Running the regression#

Using the statsmodels package, we'll run a linear regression to find the relationship between life expectancy and our calculated columns. Note that we're using the formula method of writing a regression instead of the dataframes method. I find it both more readable and more usable than the dataframes method.

Python note: I'm also using a multiline string which is started and ended using three quotation marks. Multi-line strings and formulas are a match made in heaven!

import statsmodels.formula.api as smf

model = smf.ols("""
    life_expectancy ~ pct_black + pct_white + pct_hispanic + pct_less_than_hs
        + pct_under_150_poverty + income + pct_unemployment
""", data=merged)

results = model.fit()
results.summary()

OLS Regression Results
Dep. Variable:	life_expectancy	R-squared:	0.490
Model:	OLS	Adj. R-squared:	0.490
Method:	Least Squares	F-statistic:	8997.
Date:	Thu, 12 Dec 2019	Prob (F-statistic):	0.00
Time:	21:50:03	Log-Likelihood:	-1.6208e+05
No. Observations:	65656	AIC:	3.242e+05
Df Residuals:	65648	BIC:	3.243e+05
Df Model:	7
Covariance Type:	nonrobust

	coef	std err	t	P>\|t\|	[0.025	0.975]
Intercept	81.2365	0.122	665.628	0.000	80.997	81.476
pct_black	-0.0666	0.001	-56.960	0.000	-0.069	-0.064
pct_white	-0.0386	0.001	-36.707	0.000	-0.041	-0.037
pct_hispanic	0.0131	0.001	10.298	0.000	0.011	0.016
pct_less_than_hs	-0.0862	0.002	-48.979	0.000	-0.090	-0.083
pct_under_150_poverty	-0.0596	0.003	-21.738	0.000	-0.065	-0.054
income	4.825e-05	5.8e-07	83.217	0.000	4.71e-05	4.94e-05
pct_unemployment	-0.1490	0.004	-33.408	0.000	-0.158	-0.140

Omnibus:	2114.193	Durbin-Watson:	1.520
Prob(Omnibus):	0.000	Jarque-Bera (JB):	4788.035
Skew:	0.183	Prob(JB):	0.00
Kurtosis:	4.271	Cond. No.	7.06e+05

Warnings:
[1] Standard Errors assume that the covariance matrix of the errors is correctly specified.
[2] The condition number is large, 7.06e+05. This might indicate that there are
strong multicollinearity or other numerical problems.

It's a lot to take in, so I'll zero us in on the important parts:

The coefficient for pct_unemployment is -0.15, which means "for every percentage point increase in unemployment, life expectancy drops 0.15 years." While this might be correct it unfortunately sounds very stupid.
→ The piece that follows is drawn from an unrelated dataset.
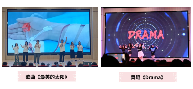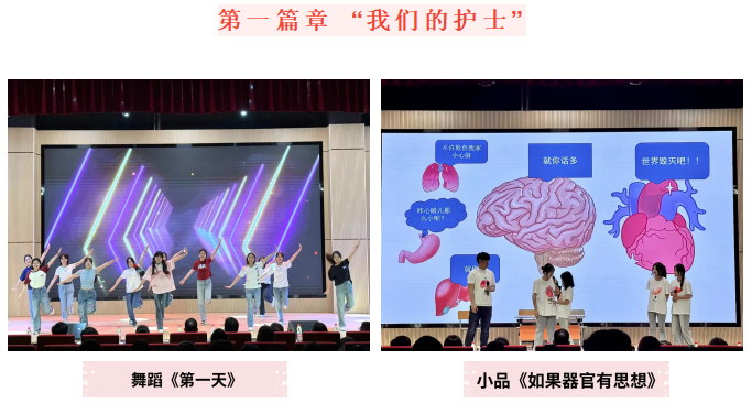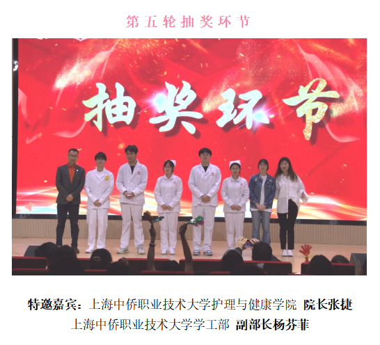 本次“5·12”国际护士节晚会精心设计了包括合唱、舞蹈、小品、朗诵、舞龙舞狮等13个形式多样的节目、1轮颁奖环节及5轮抽奖互动,晚会围绕着 “我们的护士,我们的未来”主题,为大家展现出一幕幕丰富多彩、内容别致的节目,展示了护理学子的朝气蓬勃、昂扬向上的精神风貌与青年学子作为新一代护理人的身份认同感和职业自豪感。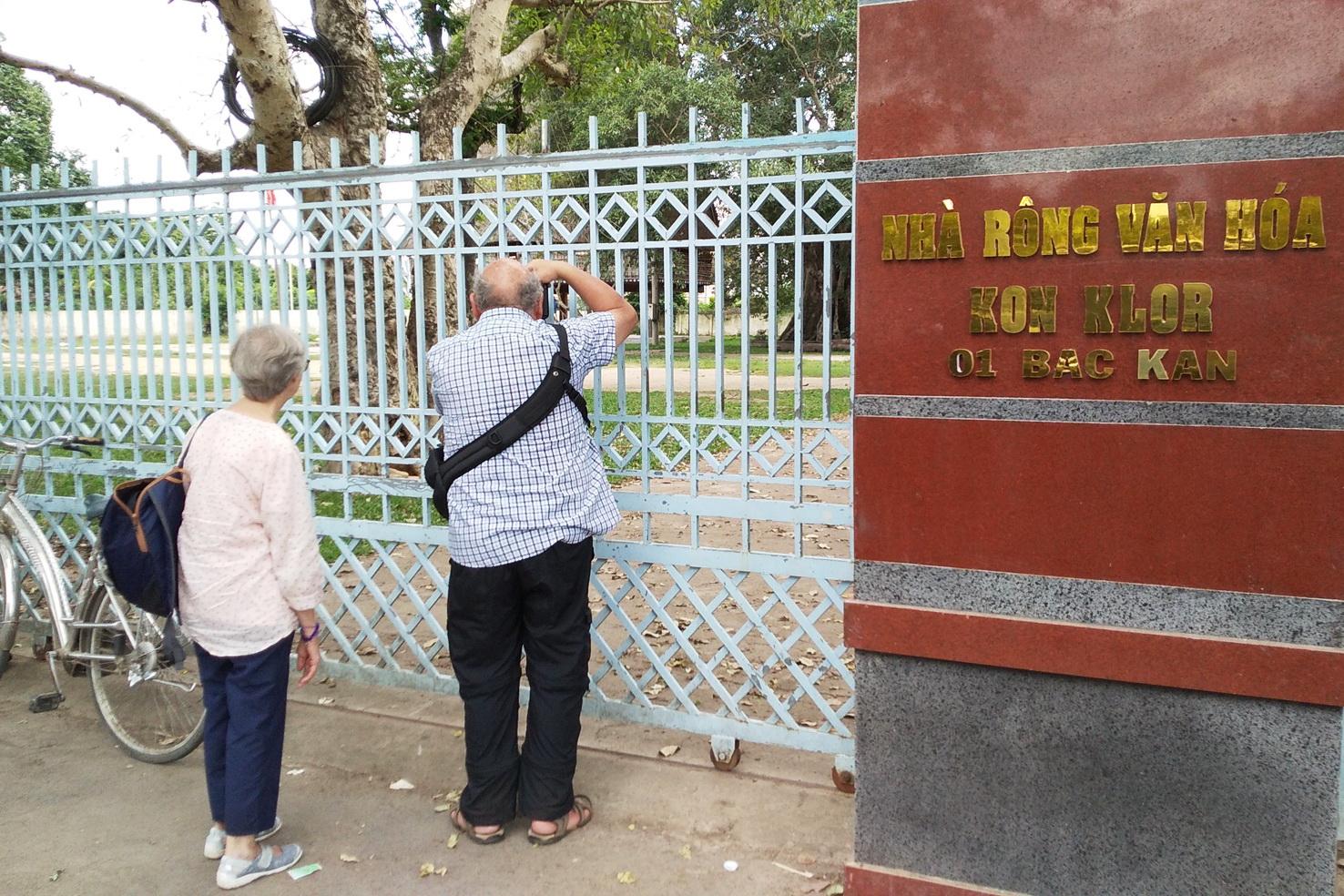 2 du khách quốc tịch Pháp ngắm, chụp ảnh nhà rông qua hàng rào sắt

Income's coefficient is rather unfortunate, too. "For every extra dollar in median income, life expectancy goes up 0.00004825 years." No thanks! Individual dollars don't really make sense here.

Instead, it'd be nice to say something like "for every ten point increase of unemployment," or "for every 10k increase in income." If we were using the dataframes version of regression, we'd create new columns, maybe something like this:

merged['income_10k'] = merged.income / 10000
merged['unemployment_pct_10pts'] = merged.pct_unemployment / 10

Since we're using the formulas method, though, we can do the division right in the regression!

model = smf.ols("""
    life_expectancy ~ 
        pct_black 
        + pct_white 
        + pct_hispanic 
        + pct_less_than_hs 
        + pct_under_150_poverty 
        + np.divide(income, 10000)
        + np.divide(pct_unemployment, 10)
""", data=merged)

results = model.fit()
results.summary()

OLS Regression Results
Dep. Variable:	life_expectancy	R-squared:	0.490
Model:	OLS	Adj. R-squared:	0.490
Method:	Least Squares	F-statistic:	8997.
Date:	Thu, 12 Dec 2019	Prob (F-statistic):	0.00
Time:	21:50:50	Log-Likelihood:	-1.6208e+05
No. Observations:	65656	AIC:	3.242e+05
Df Residuals:	65648	BIC:	3.243e+05
Df Model:	7
Covariance Type:	nonrobust

	coef	std err	t	P>\|t\|	[0.025	0.975]
Intercept	81.2365	0.122	665.628	0.000	80.997	81.476
pct_black	-0.0666	0.001	-56.960	0.000	-0.069	-0.064
pct_white	-0.0386	0.001	-36.707	0.000	-0.041	-0.037
pct_hispanic	0.0131	0.001	10.298	0.000	0.011	0.016
pct_less_than_hs	-0.0862	0.002	-48.979	0.000	-0.090	-0.083
pct_under_150_poverty	-0.0596	0.003	-21.738	0.000	-0.065	-0.054
np.divide(income, 10000)	0.4825	0.006	83.217	0.000	0.471	0.494
np.divide(pct_unemployment, 10)	-1.4900	0.045	-33.408	0.000	-1.577	-1.403

Omnibus:	2114.193	Durbin-Watson:	1.520
Prob(Omnibus):	0.000	Jarque-Bera (JB):	4788.035
Skew:	0.183	Prob(JB):	0.00
Kurtosis:	4.271	Cond. No.	792.

Warnings:
[1] Standard Errors assume that the covariance matrix of the errors is correctly specified.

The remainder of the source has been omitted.